Regulatory Affairs
FDA De Novo Classification Request
A market path for novel, low-to-moderate-risk devices with no predicate.
What It Is
The De Novo process creates a path to market for novel devices that are low to moderate risk but have no legally marketed predicate, so a 510(k) is not possible. A granted De Novo classifies the device into Class I or Class II, establishes special controls, and creates a new classification that future devices can use as a predicate. It is the route for genuinely new device types that are not high-risk enough to require a PMA.
When You Need It
You need De Novo when your device has no suitable predicate, when a 510(k) would be refused for lack of substantial equivalence, or when FDA has previously issued a Not Substantially Equivalent (NSE) determination. Many software-driven and first-of-kind diagnostic devices take this path.
What We Do
We assess De Novo eligibility, define the special controls your device will need to support, and build the benefit-risk and performance evidence package.

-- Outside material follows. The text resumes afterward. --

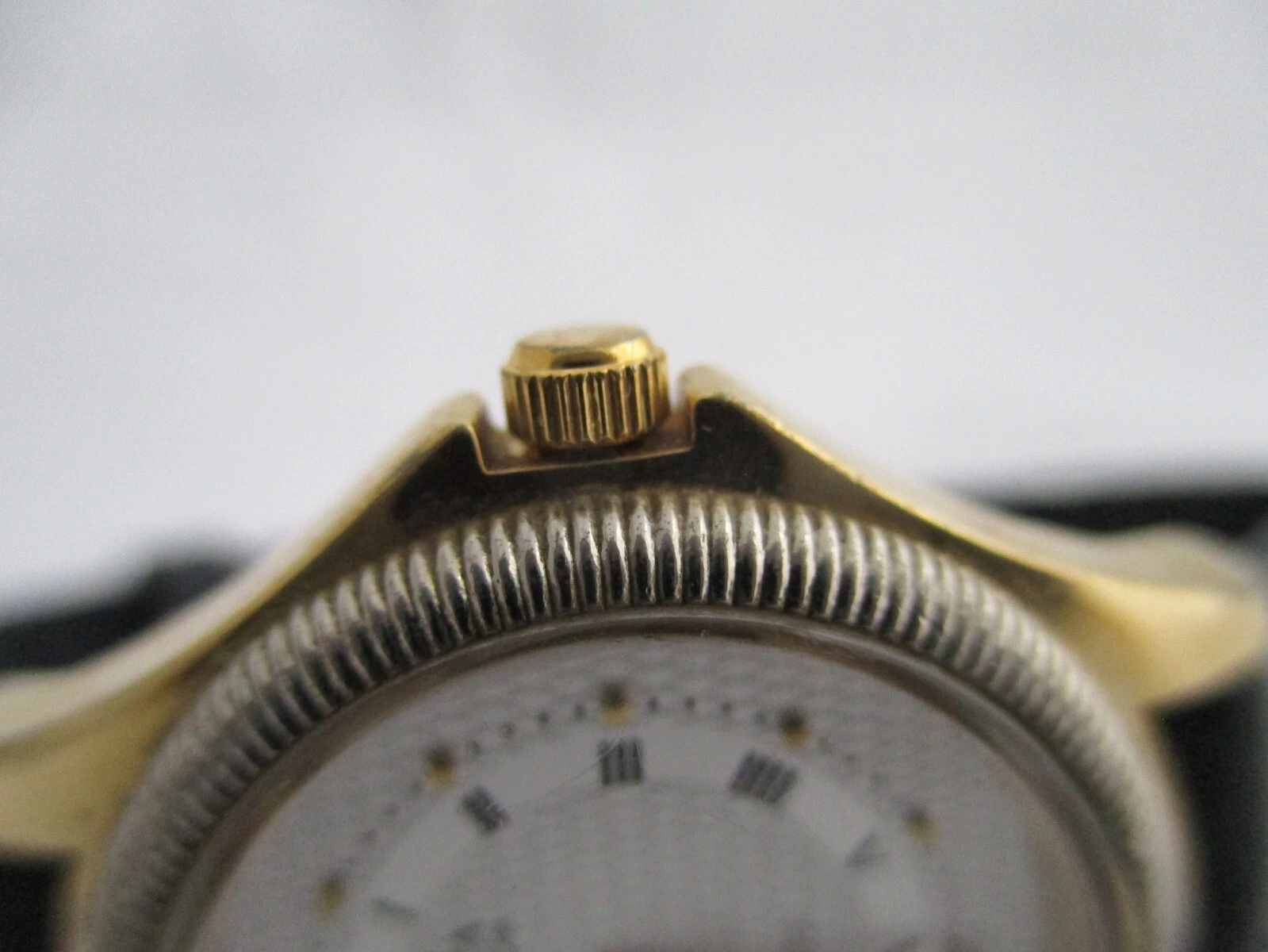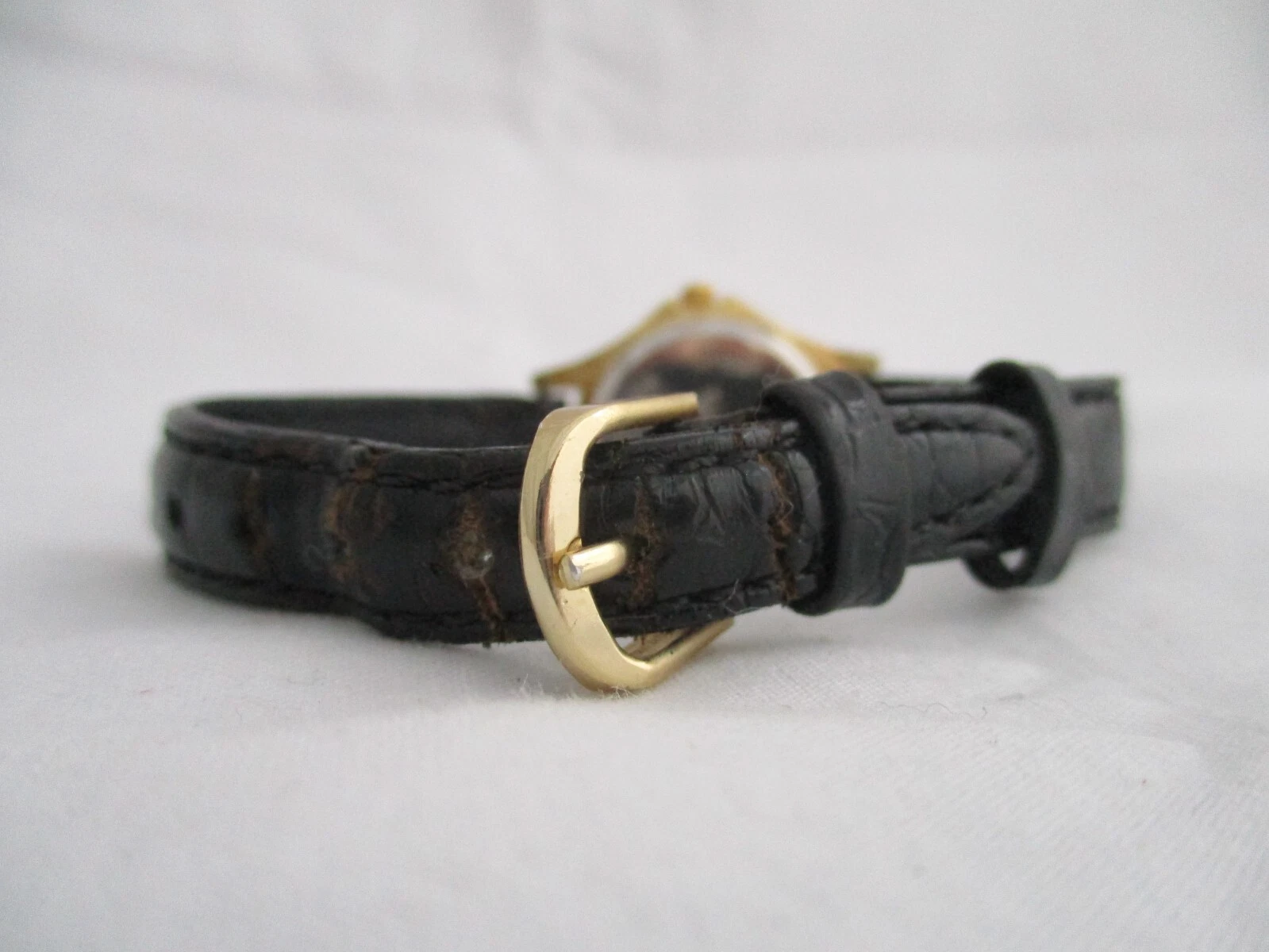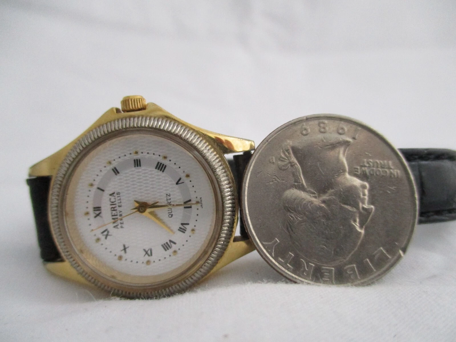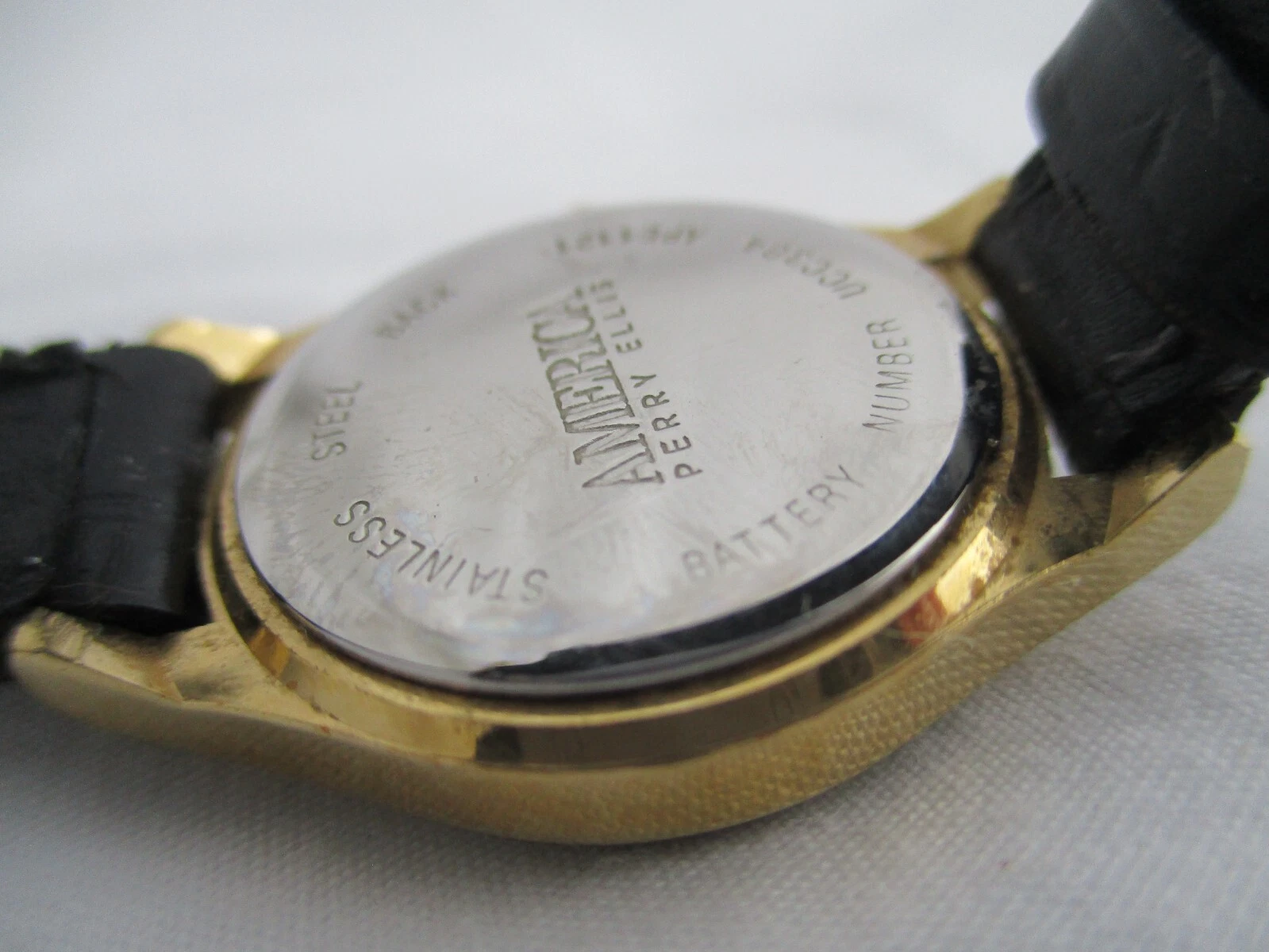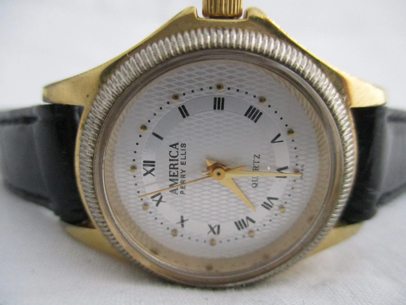 America Perry Ellis Watch Gold & Silver Tone Black Leather Band Roman Numerals

A De Novo is typically a three-stage engagement: pre-De Novo strategy and gap assessment, a Pre-Submission to align with FDA on classification and testing, then the De Novo application itself in eSTAR with post-submission support through the review.
We Live It, Not Just Advise It
Novel devices need novel evidence, and that evidence comes from real benches and real cycles. Within our family we develop and manufacture devices (Boulder iQ), sterilize and validate them (Boulder Sterilization), and test them (Boulder BioLabs, Boulder Package Testing). We build the special-controls evidence package as people who have actually generated that kind of data, not just summarized someone else’s.
How AuditIQ Helps
AuditIQ helps map your evidence against the special controls a De Novo establishes, surfacing where your documentation and QMS need to be strengthened before submission.

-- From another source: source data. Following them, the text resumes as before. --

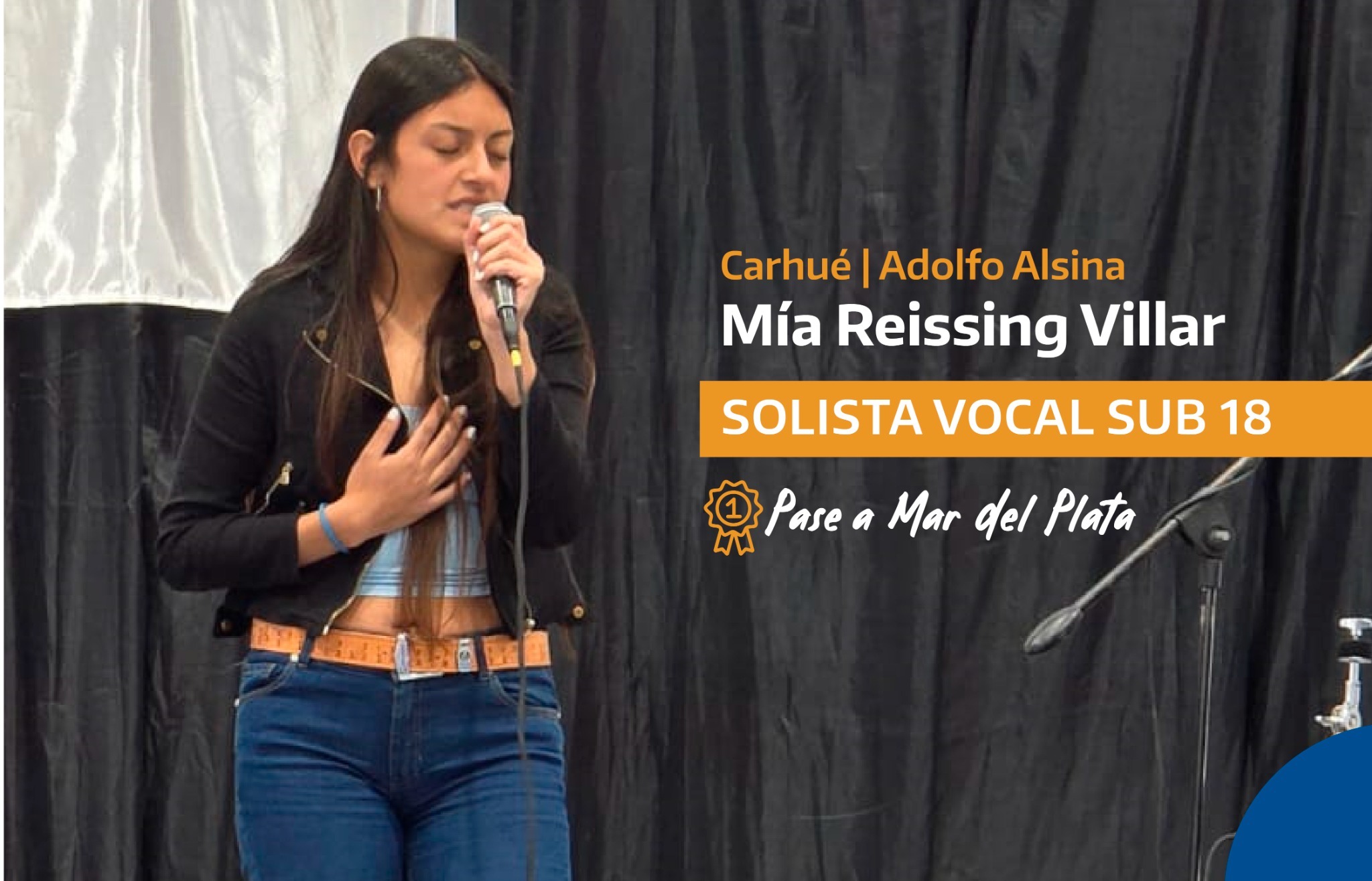 La noticia más destacada llegó de la mano de Mía Reissing Villar, quien se consagró primera en la disciplina Solista Vocal Sub 18, logrando la clasificación a la Final Provincial en Mar del Plata.
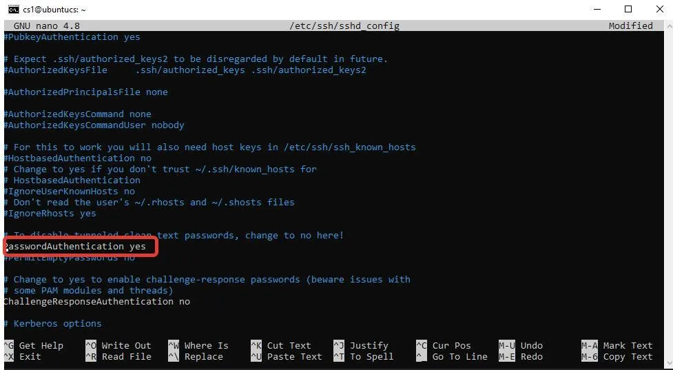 Найдите строку PasswordAuthentication и уберите знак # в начале, если он есть. Заместо no напишите yes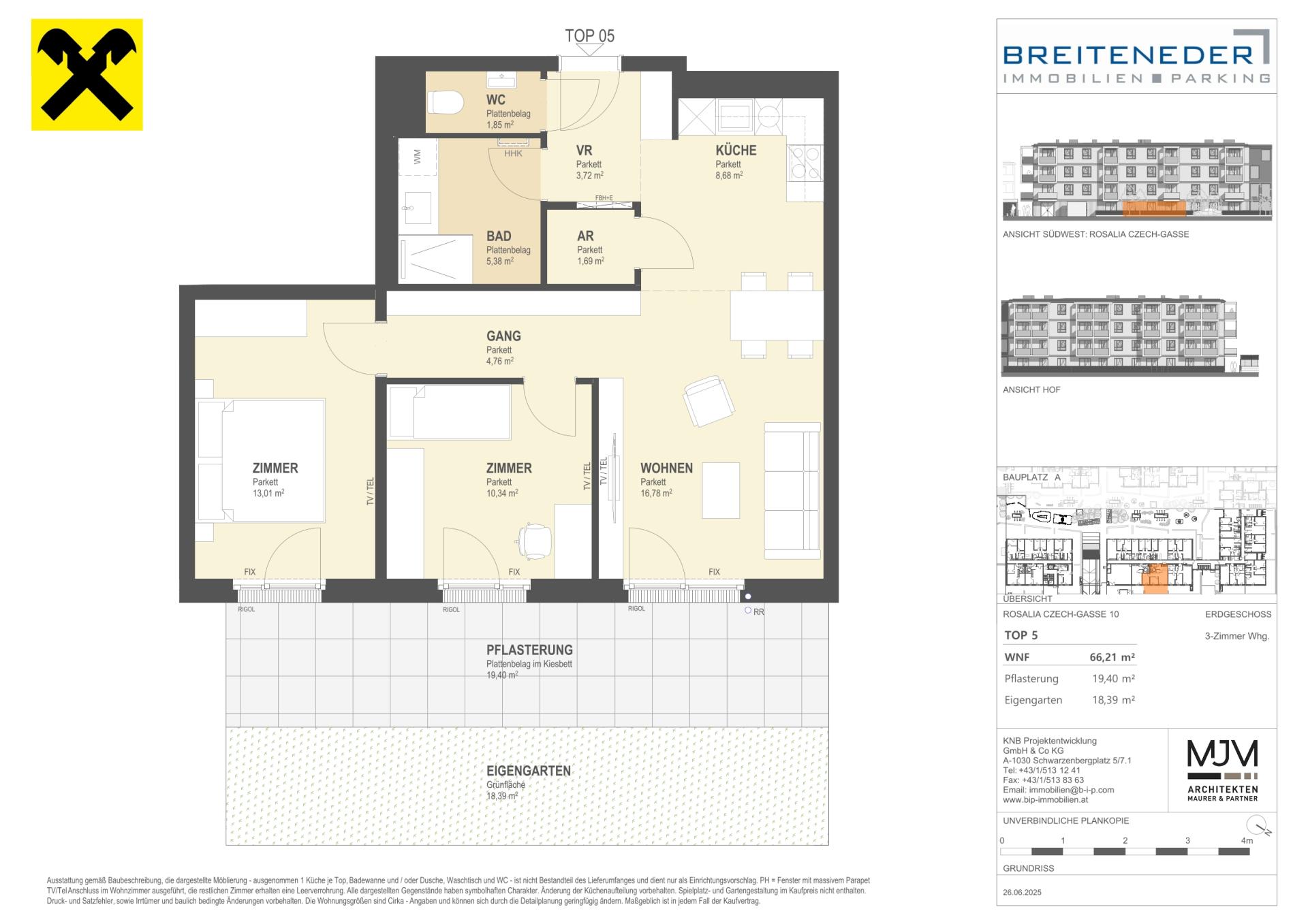 Die Preise verstehen sich als Nettokaufpreise zzgl. USt. Hinzu kommen 3,5 % Grunderwerbsteuer, 1,1 % Grundbucheintragungsgebühr sowie ein Treuhand- und Vertragserrichtungsentgelt von 1,5 % des Gesamtkaufpreises (zzgl. USt und Barauslagen).

Learn more about AuditIQ →Frequently Asked Questions
When should I use De Novo instead of a 510(k)?
Use De Novo when there is no legally marketed predicate device that is substantially equivalent to yours. If you cannot make a credible substantial-equivalence argument, a 510(k) will be found Not Substantially Equivalent, and De Novo becomes the correct low-to-moderate-risk path.
How long does a De Novo take?
FDA’s MDUFA goal is 150 review days, but De Novo programs commonly run 9 to 18 months of calendar time end to end, driven by the depth of the evidence package and the novelty of the device. A Pre-Submission is essentially mandatory in practice to align on classification and testing.
Does a granted De Novo become a predicate?
Yes. A granted De Novo creates a new device classification with special controls, and subsequent devices of that type can use it as a 510(k) predicate — which is a meaningful first-mover advantage worth factoring into your strategy.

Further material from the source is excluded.